[Records from a collection]

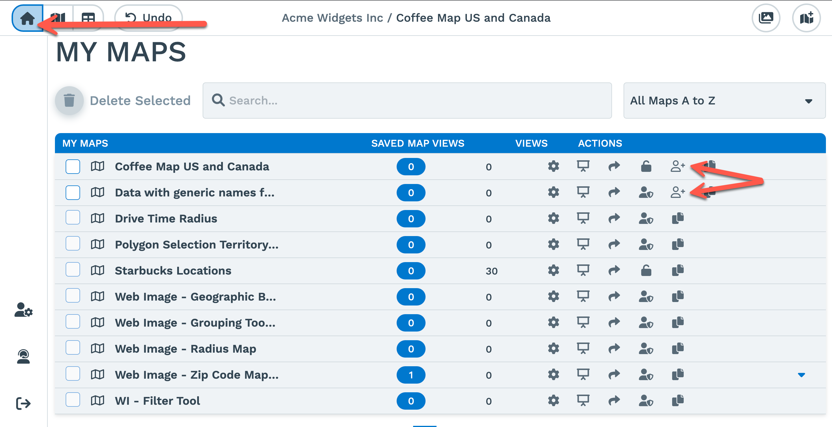 Clicking on the Share Map button next to each map will allow the owner of the map to give access to any of their team members by just selecting or entering their name/email address.
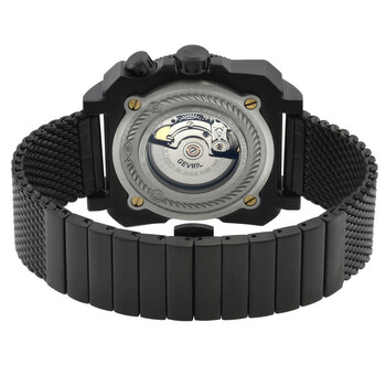 Black-plated stainless steel case with a black-plated stainless steel mesh bracelet. Uni-directional rotating black-plated bezel. Black dial with silver-tone hands and dot / Arabic numeral hour markers. Minute markers. Dial Type: Analog. Luminescent hands and markers. Date display between the 4 and 5 o'clock positions. Sellita Calibre SW 220 Automatic movement, containing 26 Jewels, bitting at 28800 vph, and has a power reserve of approximately 38 hours. Scratch resistant sapphire crystal. Screw down crown. Transparent case back. Square case shape, case size: 44 mm, case thickness: 13 mm. Band width: 22 mm. Deployment with push button release clasp. Water resistant at 100 meters / 330 feet. Functions: date, hour, minute, second. Additional Info: dual time zone inner rotating bezel. Xo Submarine Series. Fashion watch style. Watch label: Swiss Made. GV2 by Gevril XO Submarine Automatic Black Dial Men's Watch 4546B.
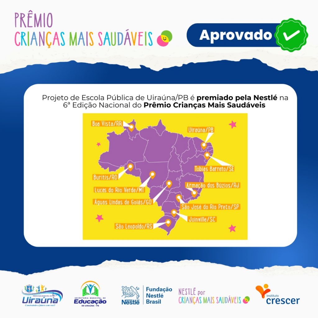 Projeto de escola de Uiraúna é premiado pela Nestlé na 6ª Edição Nacional do Prêmio Crianças Mais Saudáveis
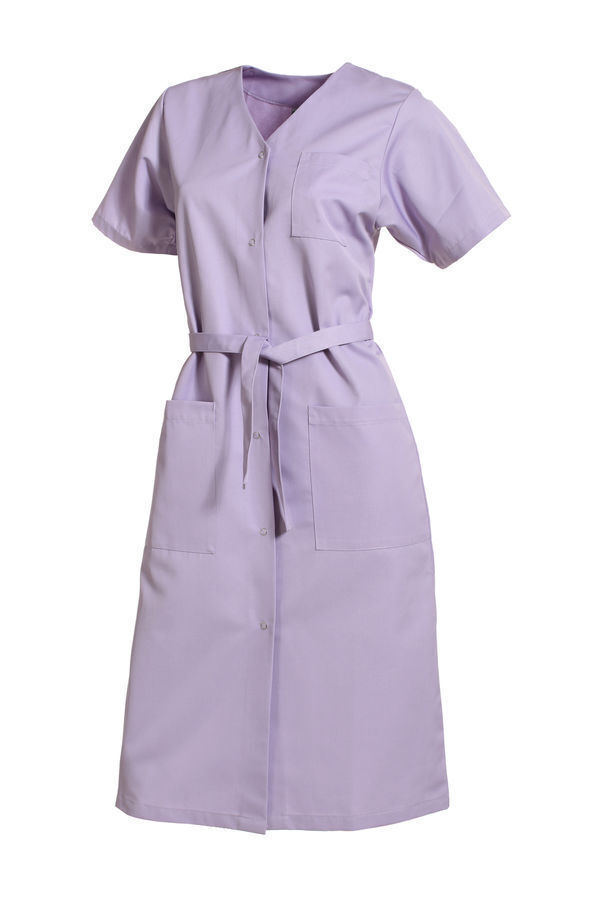 Blouse femme encolure V. Fermeture milieu devant par 6 grippers. Ceinture amovible. Poche poitrine et 2 poches basses plaquées. Manches courtes avec pattes pressionnées. Longueur : 105 cm.
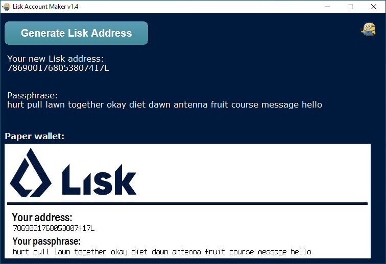 Easy create fresh new Lisk account by one mouse click!
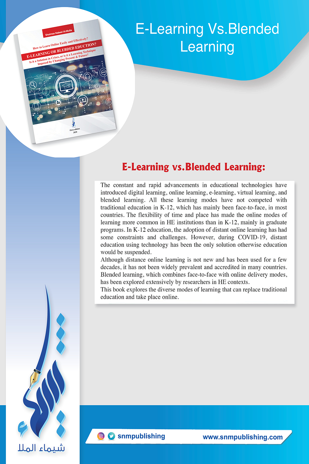 This book provides meaningful information, definitions, concepts, and development tools that can be used to make the learner have better understanding of new learning methods. It is one of the most up-to-date books that discusses and covers all the variables related to e-learning. It compares the different concepts of e-learning like online learning, distance learning, synchronous, and asynchronous learning. It also introduces blended learning, which combines both traditional learnings with online learning and the educational digital technologies that can be used to provide e-learning modes. All these topics make this book one of the rare publications that provide readers with hands-on experience about online and blended learning.
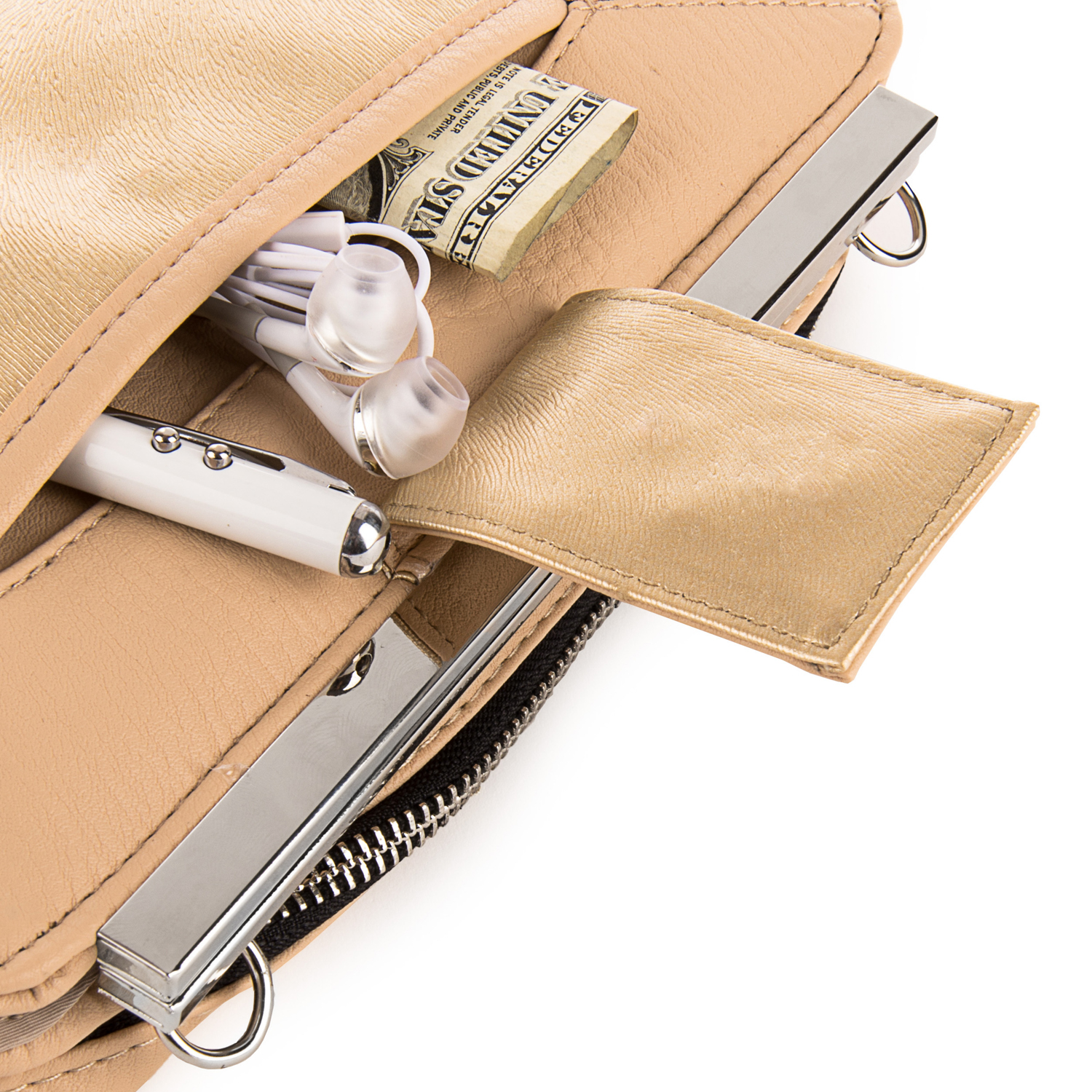 Inverted pleat pocket fit for smaller items such as receipts.
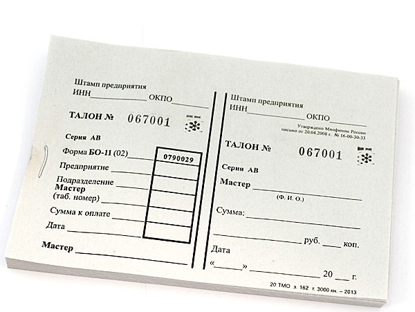 Квитанции БО-11

§ Work to be completed: Retype, please, exactly the lines that begin with the one containing "Inverted pleat pocket" and end at the last line of the entries above, both included, leaving out pictures.

§ Output of the exercise:
 Inverted pleat pocket fit for smaller items such as receipts.
 Квитанции БО-11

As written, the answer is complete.